Tate Modern, Proposed Redevelopment
In 2018 we were given the theoretical task of designing a multi-functional seating, informational, and wayfinding solution for the Tate Modern gallery on Southbank.
While not a live project, we still had to approach it as if it was, meaning technical drawings and final renders had to be created as if there was a final hand-off at the end of the submission. Not only that, but the entire project had to be completed in only four working weeks, excluding the initial site visit that took place in early December of that year and the subsequent holiday break.
This was a project with efficiency at its core; not only efficiency of time, but efficiency of design as well. An experiment in time management and quick, effective, accurate decision making.
Originally the Bankside Power Station, the industrial structure was converted between 1995 and 2000 into its current state by Herzog & de Meuron after its final decommission in 1981. The building is now a contemporary art gallery, the second most visited in the UK, and the 6th most popular in the world.
Its most famous characteristic is its industrial architecture and large-scale interiors, having been designed to accommodate massive machinery as opposed to just people. This most notably extends to the giant turbine hall that makes up a large portion of the centre of the building.
Year of design:
Tate, Tate Modern
The view of the site when approaching from the Riverside (Northern) entrance. Note the blue/green tint on the glass, as well as the light entering into the compressed space from the Turbine Hall.
The view facing the site from the Cafe (Western) entrance. Due to both plains being visible, this could be considered the key angle.

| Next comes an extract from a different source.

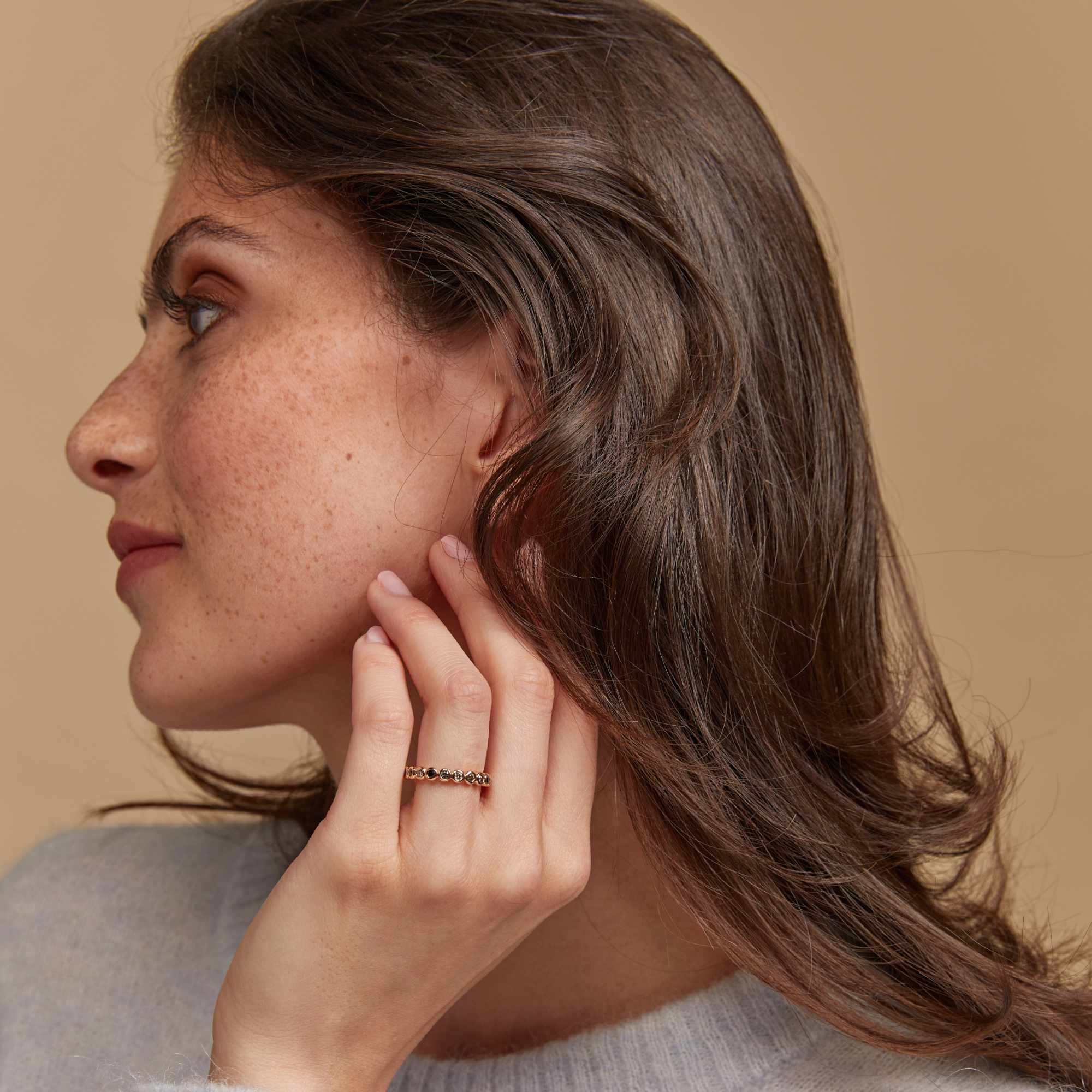 Ref. 8RR4893KIWI - Zehn Saphire und fünf champagner Diamanten feiern ein Fest an Ihrem Finger. Dies ist die kleinste Edition unseres Confetti Rings.

For our design proposal we had been presented with a specific site within the Tate Modern from which to develop.
The site can be found just off the main northertly entrance, overlooking the turbine hall. It is the floor to ceiling glass panes that surround the building’s escalator system on the first storey, continuing a glasswork theme also found in the adjascent shopping area.
Next to the space lies the turbine hall, from which on this storey (complete with a bridge that sit above the hall) acts as a means to view from and wayfind. Between the compressed site and extremely open hall are regularly placed mild steel columns with exposed rivets. These are leftovers from the building’s original function, and create a consistent aesthetic shared throughout the entire building when presented alongside the poured reinforced concrete and slightly green-tinted frame-less glass. These were all starting points that heavily inspired the look of the proposal moving forward, and can be seen clearly in the finished work’s design.

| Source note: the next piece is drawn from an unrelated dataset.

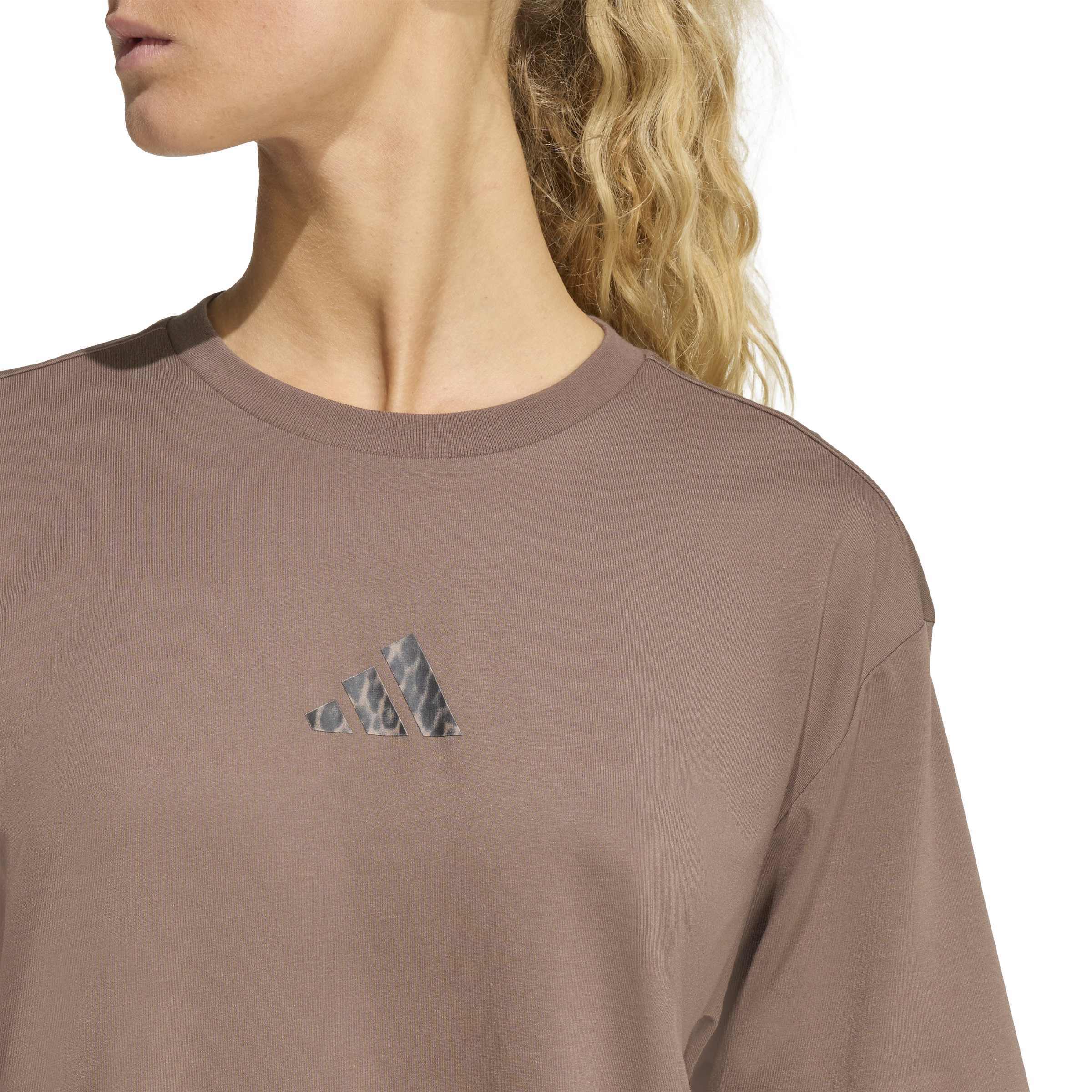 Stil ve performansın vahşi uyumu! Adidas Climacool Animal Training Graphic Kahverengi Kadın Tişört, CLIMACOOL teknolojisi ile serinlik vadederken, leopar baskılı logosuyla fark yaratıyor. Geniş kesimi ve pamuklu süprem dokusuyla hem sporda hem de sokakta özgürce hareket edin.

The site sits next to one of the most significant movement corridors in the entire building, and thanks to being on the first floor and the amount of light in the area it also regularly functions as a waiting space and overlook, used for wayfinding through the space and looking for other visitors. This function is critical given the nature of the brief and what it asks of the scheme to functionally perform.
This visual montage was created as a means to understand the forms and textures present in the space.
It highlights such things as the importance and visual significance of structural supports, the layering of different height ceilings, and the way in which different plains are merged and interact with one another, creating pinch points and seemingly abstract geometric shapes. Additonally, note the way the light and shadow reflects the hard, angular physical forms present in the space. Shadow comes in as long angles, commanding within the space they fall over. They can contain a Blade Runner-esque level of atmosphere and ambience. As to can the moments where light, rather than heavily structured through a space, explodes through, being diffused and causing wispy silhouettes of anything that stands in front of it.
Texture is important, it is the medium through which our eyes can take over the role of the senses; how something would feel to touch, even taste perhaps.
The next phase was to start experimenting and playing around with various design ideas that echo these core ideas of internal seating, accessibility, multi-functionality, and a clear line of sight, ideally both in and out.
With the dimensions we had been provided, I realised that it was possible for the site to contain four reasonably-sized individual ‘pods’ of sorts, all of which could be accessed through either side, including the moment of convergence where the plains create the corner, where if the pods were placed directly against the corner, would share the same entrance/exit space. Moving further with the individual pods concept, henceforth known as just ‘booths’, I realised the designs could appear to float off the window if they all sat against the glass on a backing.
Access from the side would mean the booths could have an opaque front that contained a touch-screen or conventional LED screen for playing videos, and each would fill the user with a sense of privacy and intimacy thanks to the enclosure, despite being visible from either sides (presumably because if the user is facing forward then the sides are on the outsides of their peripheral vision).
Final Design Development-
Developing from previously shown experimentation, the final design strips back to what is entirely necessary for the scheme to function as effortlessly as possible.
The main body of the stuctures is a singular strip of aluminium that forms a backboard against the glass, turns into a curved canopy as it rises, and forms the touch screen mount and privacy screen as it coils back down.
The entire structure would be attached to the glass panes via a planar bolt system, meaning minimal parts can be involved to acheieve the sturdiest, safest results.
The booths could be implemented anywhere in the building where deemed necessary as no part of the design is unique to the site.